Having a strong credit score will help you access funds or buy items on credit if your hours are cut at work.
Avoid Panic Selling
The stock market will take a hit when the economy starts to contract. You might be tempted to sell off your stocks as prices continue to fall, but markets tend to rebound and see strong growth in the years following a recession. Getting out of the stock market can mean missing out on the opportunity to buy stocks when they are on sale.
Instead of trying to wait for the bottom and time the market, many experts recommend dollar-cost averaging, or systematically investing small amounts on a regular basis. This strategy is often used by long-term investors in retirement accounts to consistently build their wealth over time.
If you don’t have a long time horizon or are approaching retirement, work with a qualified professional to create a financial plan to help protect your nest egg and retirement funds.

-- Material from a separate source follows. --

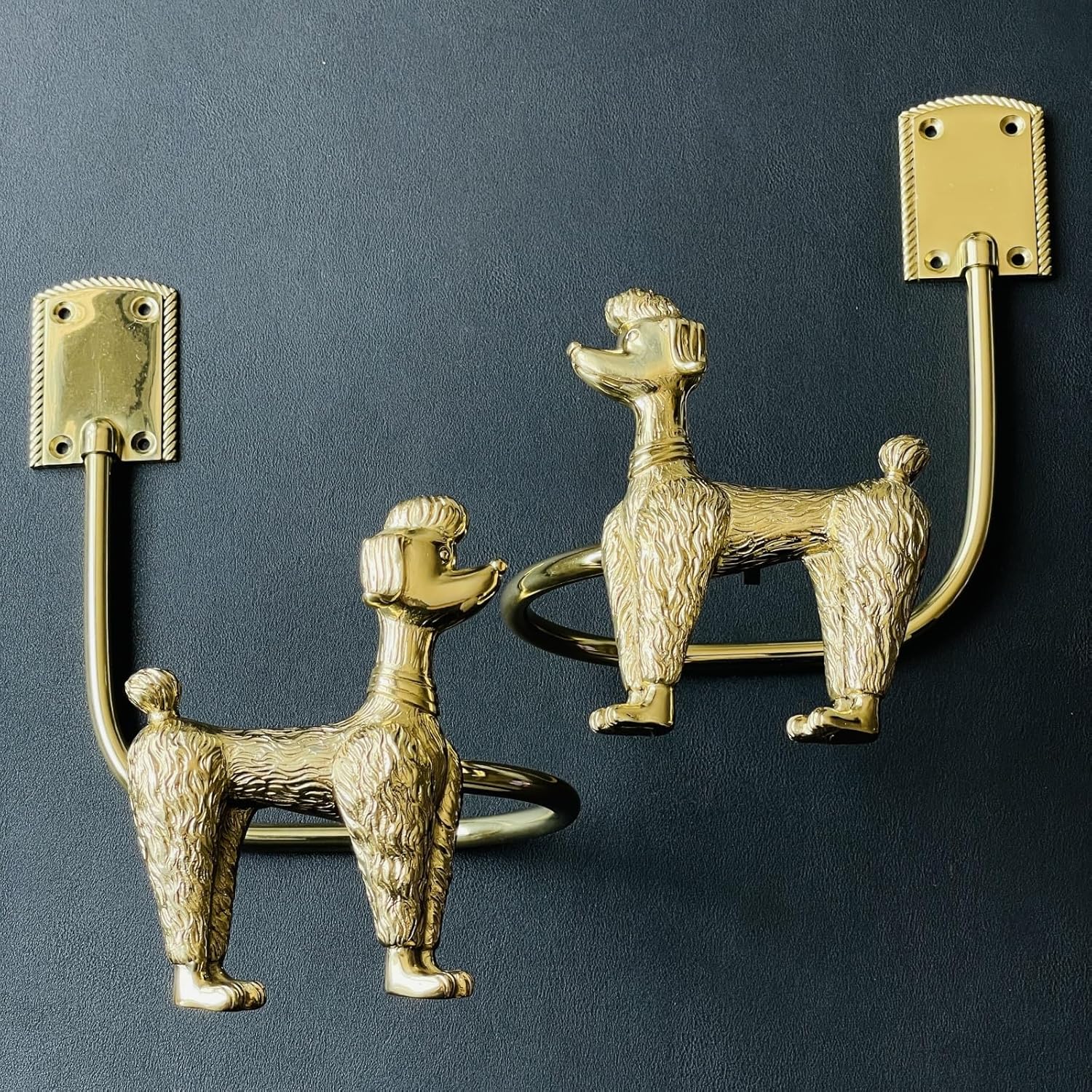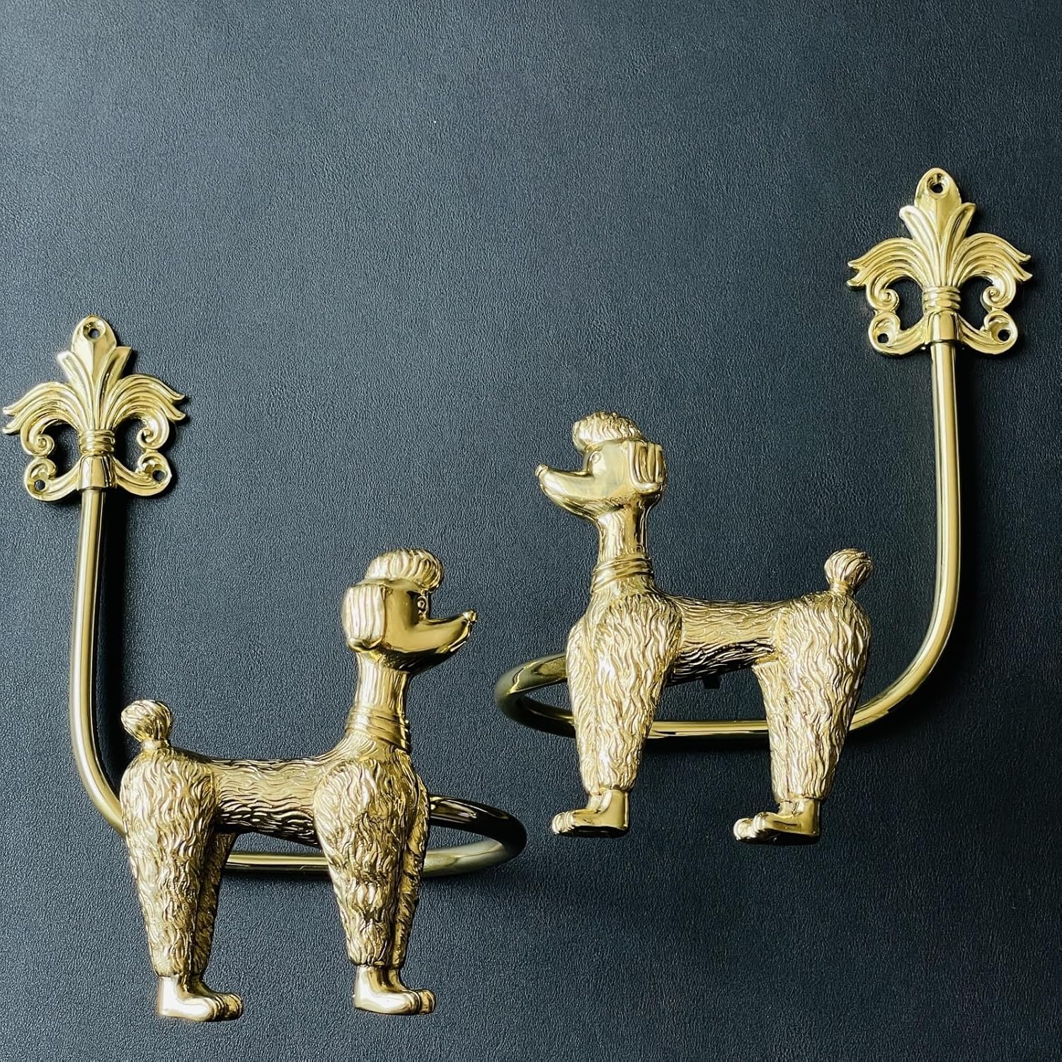 Product DescriptionAdd charm, elegance, and functionality to your home with these Solid Brass Poodle Curtain Holdbacks – a perfect blend of classic craftsmanship and playful design. Handcrafted from 100% solid brass with a vintage gold finish, each tieback features a beautifully detailed poodle shape, making them a standout decorative piece for any room.Whether you’re aiming for a vintage French interior, a dog lover’s decor theme, or just want to add a touch of personality to your curtains or drapes, these holdbacks deliver both style and substance. Ideal for living rooms, bedrooms, studies, or even a stylish kids’ room, these wall-mounted accessories are as durable as they are delightful.These curtain hooks are not only visually striking, but also functional, helping to neatly frame your windows while letting in natural light. With easy wall-mount installation and solid construction, they’re built to last and impress.⸻Key Features & Benefits 🐾 Handmade Dog Design – Each tieback is meticulously shaped into a regal poodle form, perfect for dog lovers and decorative curtain hardware collectors. 🔩 Solid Brass Construction – Heavy-duty and corrosion-resistant, offering durability and a luxurious finish. 🏡 Vintage Decorative Accent – Ideal for French country, eclectic, or classical interiors. 🧱 Wall-Mounted Holdbacks – Easily affix to the wall to hold curtains, drapes, or even use as towel or coat hooks. 🎁 Perfect Gift – A unique and memorable gift for home decorators, pet lovers, or brass decor enthusiasts.Specifications Material: 100% Solid Brass Finish: Polished Gold / Vintage Gold Design: Poodle Dog Shape Mount Type: Wall-Mounted Use: Curtain Tieback / Drapery Holdback / Decorative Wall Hook Quantity: Set of 2 Installation Hardware: included

Keeping track of all your current outstanding debts and making your payments on time is extremely important. If you fall behind on your regular payments, the interest will be compounded, making it that much harder to get out of debt.
Paying off high-interest credit card debt can be a challenge during a recession. Use debt payment strategies like the avalanche method which focuses on paying down the debt with the highest interest rate as quickly as possible while still paying the minimum amount owed on your other statements.
Consider applying for a low-interest personal loan or line of credit to consolidate your debt before credit availability tightens. The loan will replace your other outstanding debts, leaving you with one regular monthly payment.
You may also have trouble paying your student loans during this time. Consider applying for an income-driven repayment plan or asking for a pause on your payments if your income level falls. You might also want to sign up for a new repayment plan when interest rates are low to speed up the repayment process.
With preparation and planning, you can lessen the effects of a recession on your finances. Know what resources are available to help you and maintain good financial habits to protect yourself through times of financial uncertainty.